Extraordinary Photon Transport by Near-Field Coupling of a Nanostructured Metamaterial with a Graphene-Covered Plate

TL;DR

This paper demonstrates a theoretical method to significantly enhance near-field radiative heat transfer between dissimilar materials using nanostructured metamaterials and graphene, achieving fluxes much higher than blackbody limits.

Contribution

It introduces a novel approach for strong near-field energy transfer between dissimilar materials via graphene coupling, with detailed analysis of physical mechanisms and parameter effects.

Findings

Achieved two orders of magnitude enhancement in spectral heat flux at 20 nm gap.

Total heat flux can reach 500 times the blackbody limit between 400 K and 300 K.

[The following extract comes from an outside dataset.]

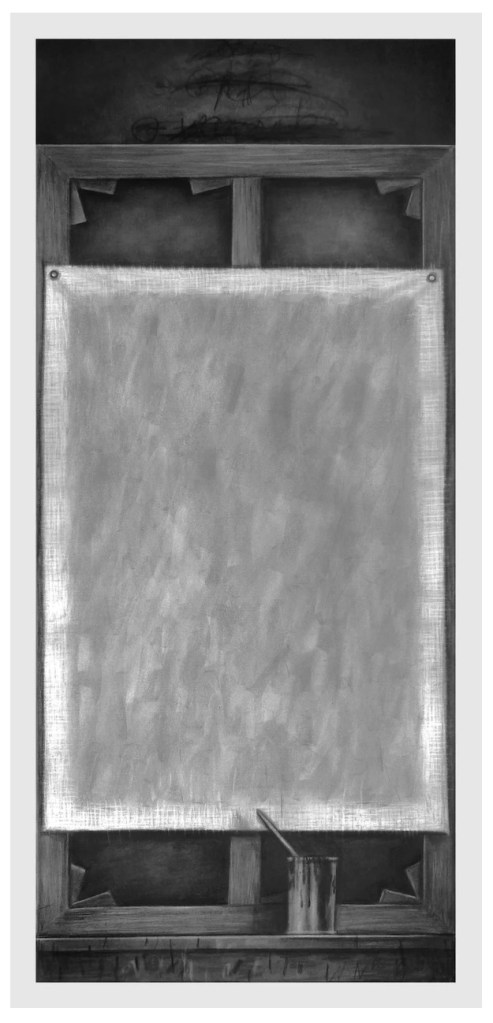 Ainsi « peinturages » présente un châssis sur lequel est punaisée une toile qui n’est pas à la bonne dimension. Elle est petite et on voit déjà qu’elle a été travaillée par un estompage grisé, une base sur laquelle l’artiste va attaquer son dessin. Le pinceau est prêt, trempant dans un gobelet dégoulinant (il a donc été déjà utilisé). Ce n’est donc pas un dessin mais une peinture, l’artiste nous signifiant peut être que ses dessins sont en fait des peintures, ou en tous cas, participent de la peinture. Il y a également quelque chose d’arrêté dans ce qu’on voit, comme si le peintre était devant et se posait le problème que connaît tout créateur : « que vais-je faire maintenant ? ».

Enhanced transfer is enabled by surface plasmon coupling and dispersion relations.

Abstract

Coupled surface plasmon/phonon polaritons and hyperbolic modes are known to enhance radiative transport across nanometer vacuum gaps but usually require identical materials. It becomes crucial to achieve strong near-field energy transfer between dissimilar materials for applications like near-field thermophotovoltaic and thermal rectification. In this work, we theoretically demonstrate extraordinary near-field radiative transport between a nanostructured metamaterial emitter and a graphene-covered planar receiver. Strong near-field coupling with two orders of magnitude enhancement in the spectral heat flux is achieved at the gap distance of 20 nm. By carefully selecting the graphene chemical potential and doping levels of silicon nanohole emitter and silicon plate receiver, the total near-field radiative heat flux can reach about 500 times higher than the far-field blackbody limit between 400 K and 300 K. The physical mechanisms are elucidated by the near-field surface plasmon coupling with fluctuational electrodynamics and dispersion relations. The effects of graphene chemical potential, emitter and receiver doping levels, and vacuum gap distance on the near-field coupling and radiative transfer are analyzed in detail.